4. Practice Problems

Diffusion Operator Construction: Explain how to implement the operator \(U_s = 2|s\rangle\langle s| - \mathbf{1}\) as a quantum circuit using \(H, X, Z\) gates by utilizing the identity \(U_s = H^{\otimes n} (2|0\rangle\langle 0| - \mathbf{1}) H^{\otimes n}\).
Optimal Repetition Count: Approximately how many times must Grover’s algorithm be repeated to find the answer in a database with \(N=1,000,000\) items?
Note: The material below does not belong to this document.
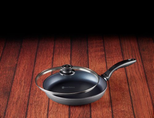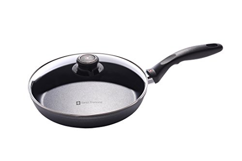 Arguably the most versatile piece of cookware available, a nonstick fry pan is a kitchen essential. The 24 cm (9.5") skillet from Swiss Diamond is a perfect wedding present or housewarming gift, as it's the perfect size for cooking for two. Brown a chicken breast like stainless steel on the patented nonstick coating, then use the fond to create a gravy - or simply wash with hot soapy water, no more scrubbing or soaking. Includes heat-tempered glass lid. The included tempered glass lid allows you to monitor food without lifting the cover, maintaining flavor and keeping food from drying out. The rotating lid knob opens or closes a steam vent to release or contain moisture as needed. Used by discerning home chefs around the world, Swiss Diamond's PFOA-free cookware features unsurpassed nonstick performance for healthy cooking and easy clean-up. The patented nonstick coating, reinforced with real diamond particles, allows oil-free cooking and cleans up with just warm soapy water. No more scrubbing and soaking. Swiss Diamond's patented nonstick coating is reinforced with real diamonds for excellent durability and resilience. Why diamonds? Three reasons: they are durable, they are naturally nonstick and they conduct heat better than any metal. A perfect combination for a lifetime of cooking excellence. Swiss quality is visible in every aspect of Swiss Diamond cookware. Heavy-duty cast aluminum will never warp, while the perfectly flat base distributes heat evenly and will not tip or spin. The rivet-free interior prevents unsightly food build-up that can lead to bacterial growth. The ergonomic handle, designed for comfort and balance, stays cool on the stovetop. All Swiss Diamond products are oven-safe up to 500 degrees F (260 degrees C). Induction model items, like this one, are suitable for all gas, electric and induction cooktops. Made in Switzerland with an eco-friendly production process.Feature

Compare this with the classical method.
Multiple Solutions (Multiple Items): If \(M\) out of \(N\) items are ‘correct’, what is the square of the amplitude (probability) of the subspace corresponding to the correct states (instead of \(|w\rangle\), the ‘correct subspace’) from the initial state \(|s\rangle\)?
\(N=2\) Search: Calculate what happens when Grover’s algorithm is executed once on an \(N=2\) system (\(|0\rangle, |1\rangle\)) to find \(|1\rangle\). (Hint: What is \(\theta\)?)
Shor vs Grover: Compare and explain the speedup (exponential vs quadratic) and the types of problems solved (structured vs unstructured) between Shor’s algorithm and Grover’s algorithm.

5. Solutions

\(U_s = H^{\otimes n} (2|0\rangle\langle 0| - \mathbf{1}) H^{\otimes n}\) is.
- \(H^{\otimes n}\) (Hadamard) transforms \(|s\rangle\) into \(|0\rangle^{\otimes n}\).
- \((2|0\rangle\langle 0| - \mathbf{1})\) operator leaves the \(|0\rangle\) state unchanged and flips the phase of all other states (\(|x\rangle \neq |0\rangle\)) orthogonal to \(|0\rangle\) to -1. (This can be implemented using a combination of a C…CZ gate with \(n-1\) control qubits controlling a Z gate and an X gate.)
- Applying \(H^{\otimes n}\) (Hadamard) again reverts \(|0\rangle^{\otimes n}\) back to \(|s\rangle\).
- As a result, this entire operation performs a reflection about the \(|s\rangle\) state.
Classical: Average \(N/2 = 500,000\) times. Worst \(N = 1,000,000\) times. Quantum: \(k \approx \frac{\pi}{4}\sqrt{N} = \frac{\pi}{4}\sqrt{1,000,000} = \frac{\pi}{4}(1000) \approx 785\) times. Approximately 785 times is sufficient, which is more than 600 times faster than the classical average.
\(|s\rangle = \frac{1}{\sqrt{N}}\sum |x\rangle\). Since there are \(M\) answers, the total amplitude squared (probability) in the answer subspace from \(|s\rangle\) is \(M \times |1/\sqrt{N}|^2 = M/N\). (That is, \(\sin^2(\theta) = M/N\))
\(N=2\). \(\sin(\theta) = 1/\sqrt{2} \implies \theta = 45^\circ\) (\(\pi/4\)). Rotation angle \(2\theta = 90^\circ\) (\(\pi/2\)). Rotating from the initial angle \(\theta=45^\circ\) by \(90^\circ\) results in the final angle \(135^\circ\). \(P(w) = \sin^2(135^\circ) = (1/\sqrt{2})^2 = 1/2\). Starting from an initial probability of 50%, it remains at 50%, so there is no amplification. Grover’s algorithm does not provide an advantage for \(N=2\).
Shor: Solves the structural problem of ‘period finding’. Provides exponential speedup from \(O(e^n) \to O(n^3)\). Grover: Solves the unstructured search problem. Provides quadratic speedup from \(O(N) \to O(\sqrt{N})\) (i.e., \(O(2^n) \to O(2^{n/2})\)).